Scientific research is often romanticized as a single, fluid process of discovery. However, for the purposes of automation and rigorous assistance, this monolithic view is counterproductive. Drawing on Meta-Rational Pragmatics (MRP), we argue that scientific inquiry is more accurately described as an organized succession of local interpretive regimes. Each regime stabilizes a particular relation among admissible objects, permitted transformations, and acceptable evidence. Understanding this stratification is essential for building research copilots that are more than just fluent text generators.
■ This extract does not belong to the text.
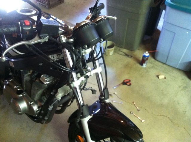 So I got everything painted black, and it is all looking really good. The scratches on the upper bar clamps show through a little bit, but all in all it was a success. The headlight brackets look really good, 1000x better than nasty pitted and rusted chrome. Everything is mounted back on there, except for the handlebars in their final position since I dropped one of the upper clamps and had to spray some more paint on it.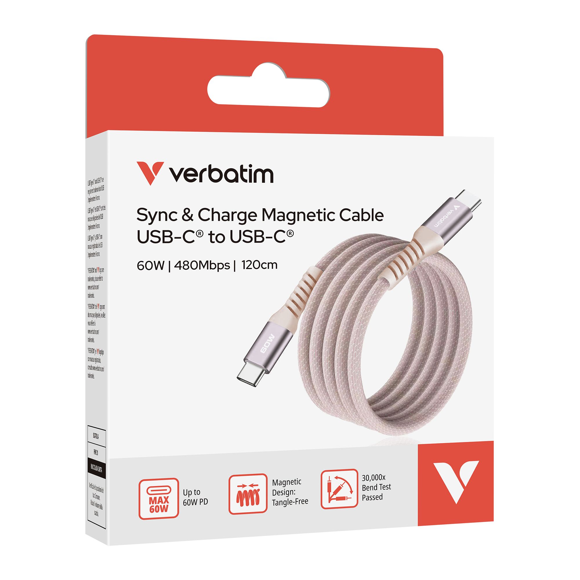 Das hochwertige SYNC & Charge USB-C-zu-USB-C-Kabel von VERBATIM verfügt über ein magnetisches Spiraldesign für ordentliche, verwicklungsfreie Aufbewahrung. Es unterstützt schnelles Laden bis zu 60 W und Datenübertragung bis 480 Mbps und ist ieal für Laptops, Tablets, Smartphones und andere USB-C-Geräte.

The Structure of Local Discipline

What counts as "rigor" changes as a researcher moves from exploratory data analysis to formal hypothesis testing. A pattern discovered under exploratory criteria is not yet a causal explanation; a plausible synthesis of papers is not yet a validated conclusion. In each stage, the researcher operates under a different set of local constraints—a "local discipline."

Computational assistance often fails when it ignores these boundaries. Retrieval-augmented systems can improve synthesis [ASAI-2026], but they struggle with verification [SON-ETAL-2025] because the standards for "good synthesis" and "good verification" are epistemically distinct. A regime-sensitive approach acknowledges that different parts of scientific work are governed by different local standards, and that architectural separation is therefore epistemically appropriate.

A Taxonomy of Interpretive Regimes

To make the concept of interpretive regimes operational, we propose a taxonomy of bounded modes of inquiry, each with its own function and validation criteria:

  • Observational: Converts phenomena or documents into usable evidence structures.
  • Exploratory: Searches for patterns, anomalies, and promising directions.
  • Model-constructive: Proposes mechanisms and representational structures.
  • Deductive-formal: Derives consequences and checks consistency.
  • Experimental-interventional: Selects actions that discriminate among candidates.
  • Critical-delimitative: Identifies artifacts and limits of validity.

A single research project may move through many of these regimes, often iteratively. The role of the scientist—and potentially the copilot—is to manage the transitions between them, ensuring that the artifacts produced in one regime remain valid when exported to another.

Operational Stratification

The proposal that scientific reasoning is operationally stratified has direct consequences for AI systems design. If we treat science as a sequence of regimes, we can assign different computational mechanisms to different epistemic burdens. Large language models (LLMs) appear highly effective in heuristic exploration and synthesis [GOTTWEIS-ETAL-2025], while formal solvers and causal inference engines are better suited for deductive and interventional work [ZHANG-ETAL-2024].

This stratification allows for a more restrained and implementable direction for scientific AI. Instead of aiming for a general "artificial scientist," we can build systems that are experts at identifying the current regime and mobilizing the appropriate domain-specific background knowledge and validation tools.

Conclusion

Scientific reliability is not a monolithic property but a distributed one, enforced locally within each interpretive regime. By making this stratification explicit, the MRP framework provides a principled way to organize the various tools and methods of automated science. The future of research copilots lies not in universal intelligence, but in regime-sensitive orchestration.

References

  • [ASAI-2026] Asai, Akari; et al. Synthesizing scientific literature with retrieval-augmented language models. Nature. 2026.
  • [GOTTWEIS-ETAL-2025] Gottweis, Juraj; et al. Towards an AI co-scientist. arXiv. 2025.
  • [SON-ETAL-2025] Son, Guijin; et al. When AI Co-Scientists Fail: SPOT-a Benchmark for Automated Verification. arXiv. 2025.
  • [ZHANG-ETAL-2024] Zhang, Zhaozhi; et al. Adaptive Causal Experimental Design. OpenReview. 2024.